Like many countries, Poland’s energy alternative is… alternative energy. How alarming, then, to read on the Polskie Radio Dla Zagranicy website the other day (Wind farm protests in tourist hotspot – 22/03/13) that Poles are prone to “Nimby”ism (“Not in my back yard”) like the rest of us. Apparently a movement in the beautiful north-eastern region of Poland, the Mazury lakes, is fighting against the introduction of further wind turbines there, and has written to Polish Prime Minister Donald Tusk.

Now, I declare an interest here: my father pioneered wind energy in the 70s and 80s, working on the difficult process of harnessing the wind via turbines and transporting the resultant electricity to the grid. Whilst accepting there is always the question of the cradle to the grave cost of electricity generation through wind, he (and I) have never understood the vehemence of opposition to an energy source that is, essentially, clean and endless.

Of course, it’s always different when a vast turbine tower is due to be put up in your own back yard. As well as aesthetic, there are noise pollution and other considerations. But are any of these sufficient to outweigh the many benefits of wind – like helping to save the planet? I say, absolutely not! Indeed, myself, I think these creations are elegant and complement the landscape – though I accept that’s a matter of taste. In UK, we’re masterful at putting an individual’s rights before the greater good. That’s laudable – but only to a degree. And when the windiest country in Europe (UK, if you’re guessing) lags behind Denmark, Germany and the rest in erecting wind turbines, or, in another context, behind France, Germany, Spain and Italy in having a high speed rail network, well, seems to me we’ve got the balance wrong.

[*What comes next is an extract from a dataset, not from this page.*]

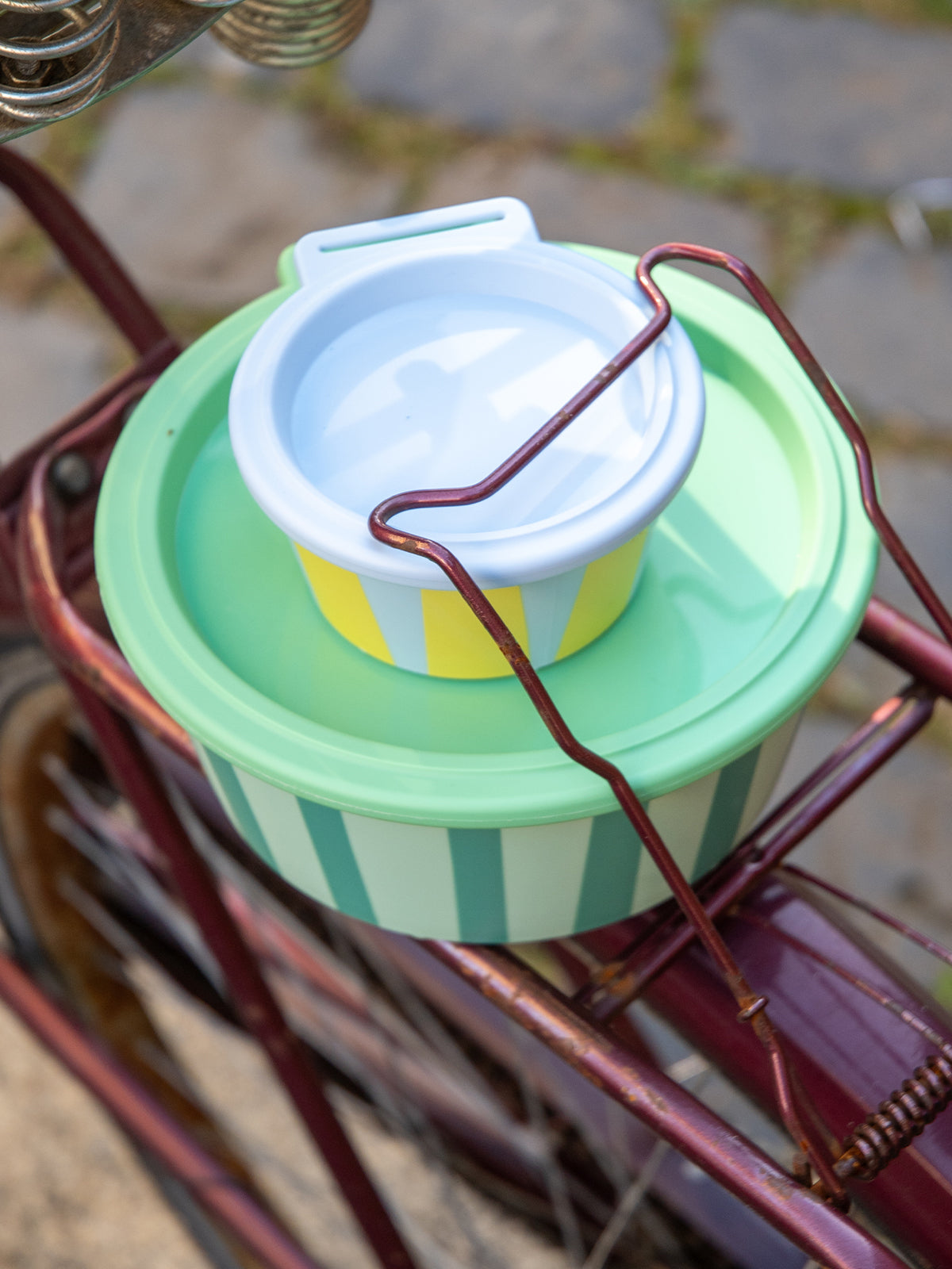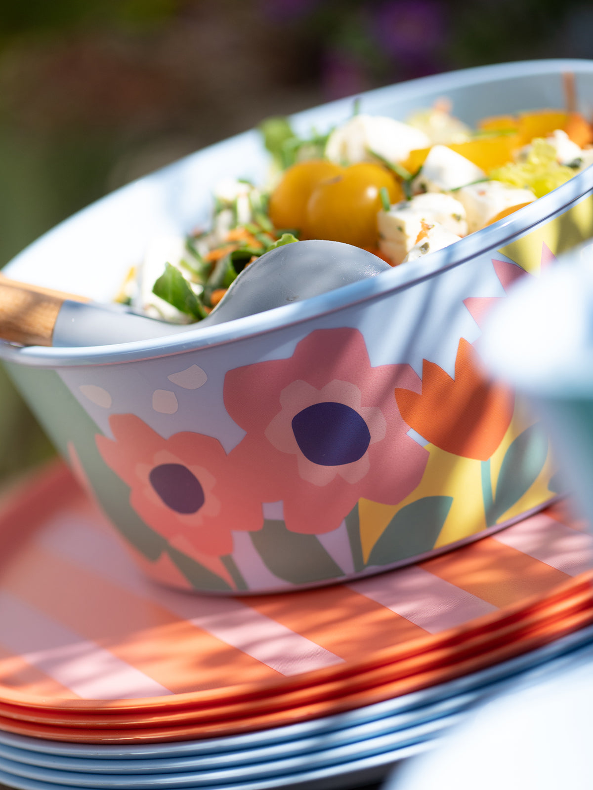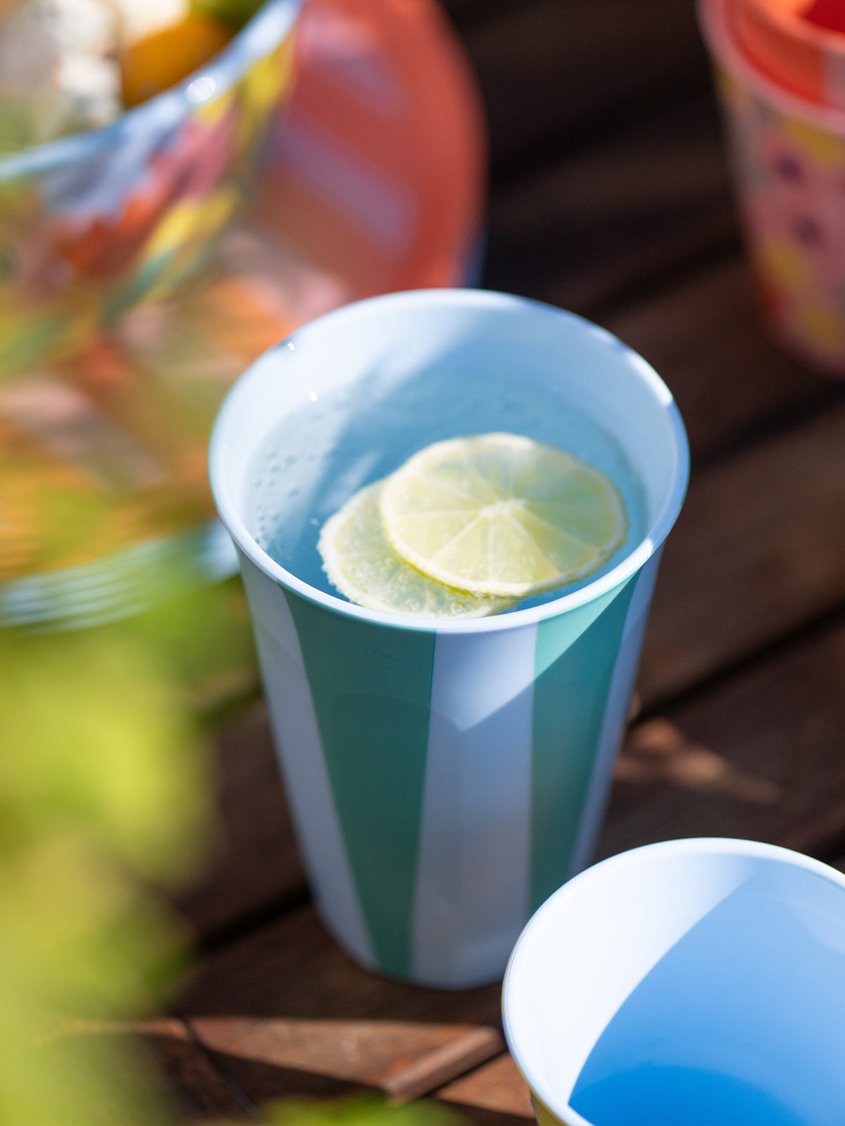 The NORA SET LOLLIPOP is pure joie de vivre, and the cups, bowls, plates, and spoons can be combined to your heart's content. The small plate is ideal for fruit, snacks, or cakes, and the small bowl quickly becomes indispensable for cereal or desserts. The small cup has a pleasant feel and fits comfortably in the hand. Everything is stackable, lightweight, and shatterproof, making it perfect for garden parties, picnics, or camping.

And what about Poland? It has great energy opportunity. Apparently there are – potentially, no-one’s quite sure yet – tremendous shale gas deposits in the country. As in UK and elsewhere, there are environmental concerns about releasing the gas by fracking, and Regulation needs to catch up with opportunities on (or in, or under) the ground. But the prize is an energy sector no longer so lopsidedly (90%) dependent on coal, or indeed the Russians.

I only hope that, in all this, Poland remains alert to the fact that an energy mix is the best approach, and that includes wind energy. This means allaying the concerns of the Nimby brigade, and reversing the recent selling off of wind projects by foreign investors. It’s all to play for in a country said to have the largest energy reserves in the EU. Let’s hope, in all this, Poland turns out not to be all wind, but all wind energy.